WHAT YOU SHOULD DO: Set down, exactly as written, the lines from the top of the data to the line that holds "Enfamil A+ Stage", and omit the pictures.

MATERIAL PROVIDED:
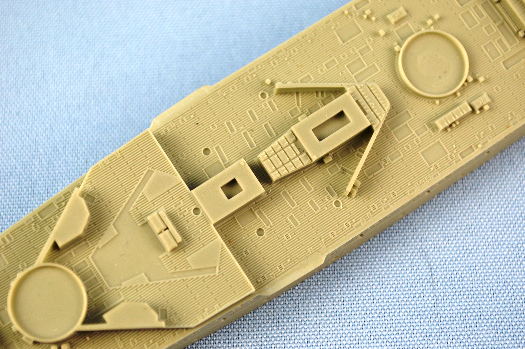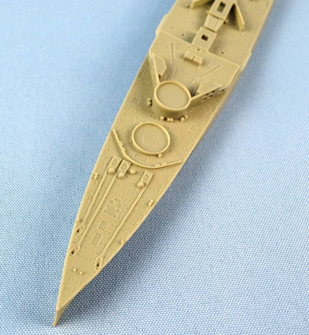 There are nice portholes with eyebrows on the hull, as well as clever openings in the sides of the hull, which are to accommodate the torpedo net davits, those being a combination of brass rod and 3D printed parts (the 3D printed parts will slot into the hull opening). The parts of the superstructure cast integral to the hull - like the aft casemate/ boat stowage area - have finely detail watertight doors and more of the same portholes found on the hull sides. |
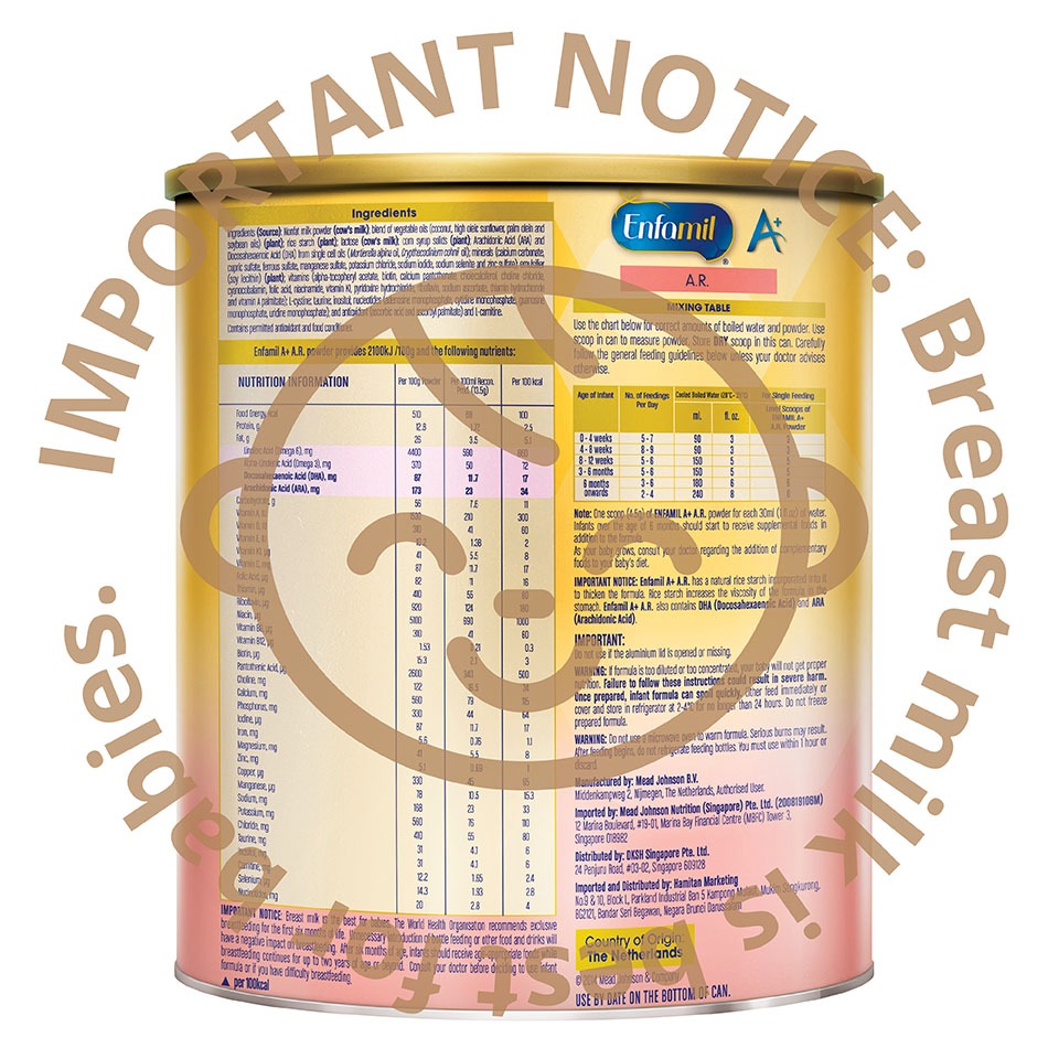 Enfamil A+ Stage 1 A.R. Infant Formula Baby Milk Powder 360DHA+ (0-12M) 900g
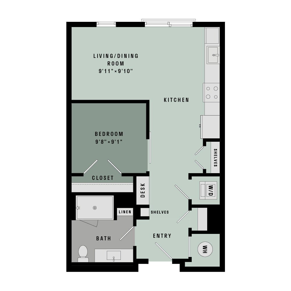 Apartment Model: S1$1,375Studio, 1 Bath, 618 sq ftAvailable NowFloor plans are artist's rendering. All dimensions are approximate. Actual product and specifications may vary in dimension or detail. Not all features are available in every rental home. Prices and availability are subject to change. Base rent is based on monthly frequency. Additional fees may apply, such as but not limited to package delivery, trash, water, amenities, etc. Deposits vary. Please see a representative for details.
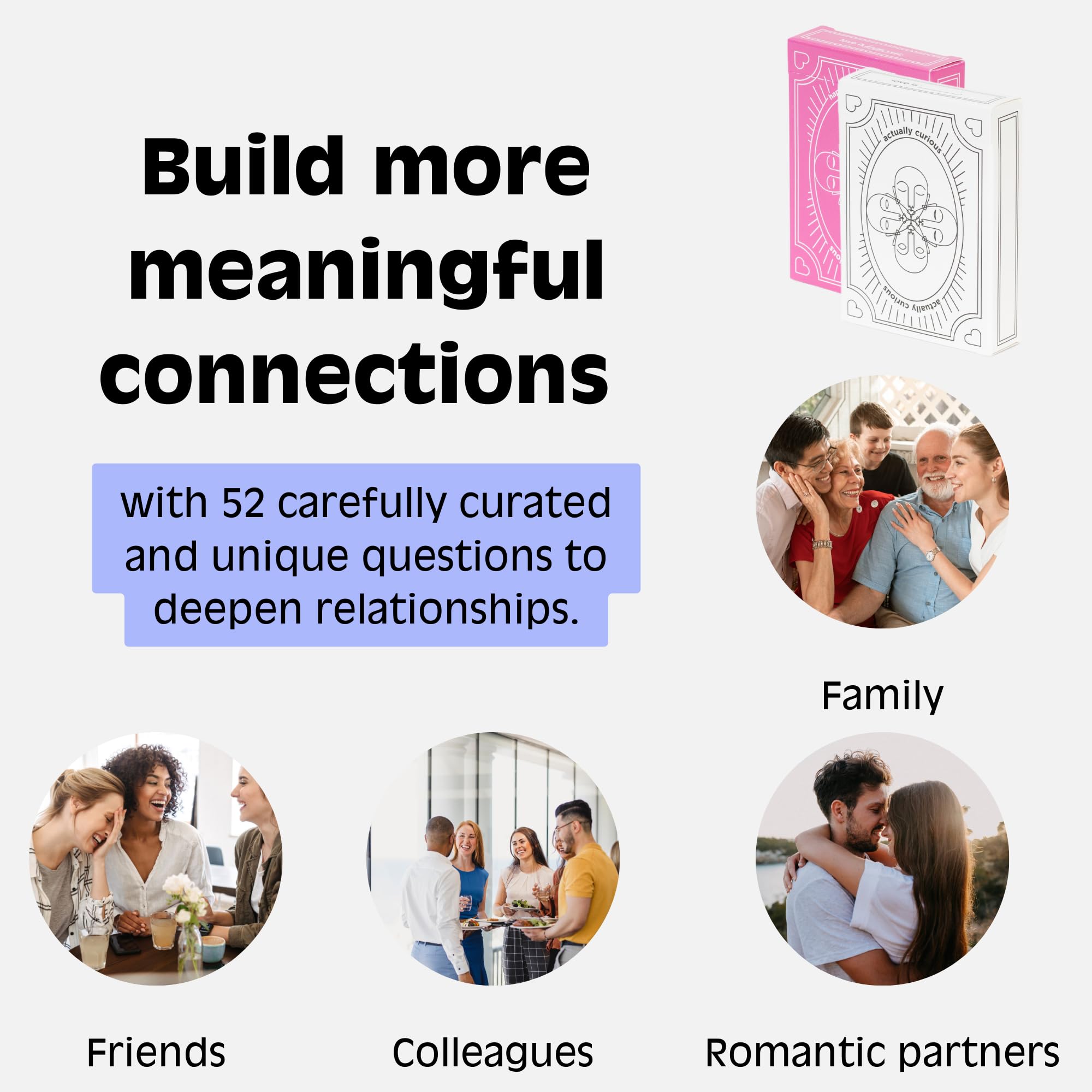 Descubre la herramienta definitiva para fomentar conexiones más profundas y provocar conversaciones significativas con la Caja de Inicio The NEW Actually Curious. Este conjunto de Cartas de Conversación Profunda cuidadosamente seleccionado está diseñado para mejorar tus relaciones, alegrar tus noches de juegos y servir como una opción ideal para regalos para aliviar el estrés. Ya sea que estés buscando regalos románticos para ella o juegos de cartas atractivos para familias, este paquete cumple con todos los frentes. Los entusiastas de los Juegos de Parejas encontrarán estas cartas perfectas como Juegos de Parejas para Adultos, haciendo que cada noche de cita sea un evento para recordar. No más silencios incómodos, solo diálogos profundos y enriquecedores que fortalecen tu vínculo. Transforma las sesiones de terapia en experiencias esclarecedoras con Juegos de Terapia que también sirven como Artículos para Aliviar la Ansiedad para Adultos y Artículos para Aliviar la Depresión. Con preguntas diversas diseñadas para promover la introspección y la comprensión mutua, este conjunto es una excelente adición al maletín de cualquier terapeuta. Los Juegos de Cartas Familiares no tienen por qué ser mundanos; ¡invítales con diversión impulsada por la conversación! Ideal como Regalos de Aniversario de 5 Años para Hombres o Regalos para Nuevas Relaciones, estas cartas crean momentos inolvidables ya sea que estés en casa o en movimiento, piensa en Juegos de Viaje para Adultos o Juegos de Oficina durante los descansos. Rivales de opciones populares como Apples to Apples o Were Not Really Strangers Game, pero ofrecen un enfoque distintivo en la conexión y la inteligencia emocional. Hazlo parte de tu colección si buscas Actividades en Pareja, Juegos de Noche de Citas o incluso Juegos de Dormitorio para Parejas. Desbloquea todo el potencial de cada interacción con la Caja de Inicio The NEW Actually Curious una opción imprescindible para cualquiera que busque relaciones más profundas y recuerdos más felices.

RESULT FOR THIS TASK:
 There are nice portholes with eyebrows on the hull, as well as clever openings in the sides of the hull, which are to accommodate the torpedo net davits, those being a combination of brass rod and 3D printed parts (the 3D printed parts will slot into the hull opening). The parts of the superstructure cast integral to the hull - like the aft casemate/ boat stowage area - have finely detail watertight doors and more of the same portholes found on the hull sides. |
 Enfamil A+ Stage 1 A.R. Infant Formula Baby Milk Powder 360DHA+ (0-12M) 900g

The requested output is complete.